__WHAT TO DO__. From the first line to the last, restate the data exactly, leaving out the images.

__SUPPLIED INFORMATION__.
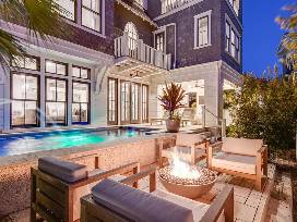 The home's first level features a beautifully crafted kitchen, living room, and an alfresco dining table with direct access to the veranda. The outdoor area features a pool complete with lights and fountains, an outdoor fireplace, and a fire bowl. There is also a king bedroom on this floor with a private shower.
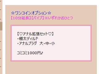 ワンコインオプションとは別ですが、リアルディルドとプラグ全部で1000円はお得だと思う
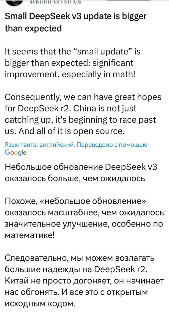 Обновлённый DeepSeek3 (0324) лидирует в мировых ИИ

__ANSWER SECTION__.
 The home's first level features a beautifully crafted kitchen, living room, and an alfresco dining table with direct access to the veranda. The outdoor area features a pool complete with lights and fountains, an outdoor fireplace, and a fire bowl. There is also a king bedroom on this floor with a private shower.
 ワンコインオプションとは別ですが、リアルディルドとプラグ全部で1000円はお得だと思う
 Обновлённый DeepSeek3 (0324) лидирует в мировых ИИ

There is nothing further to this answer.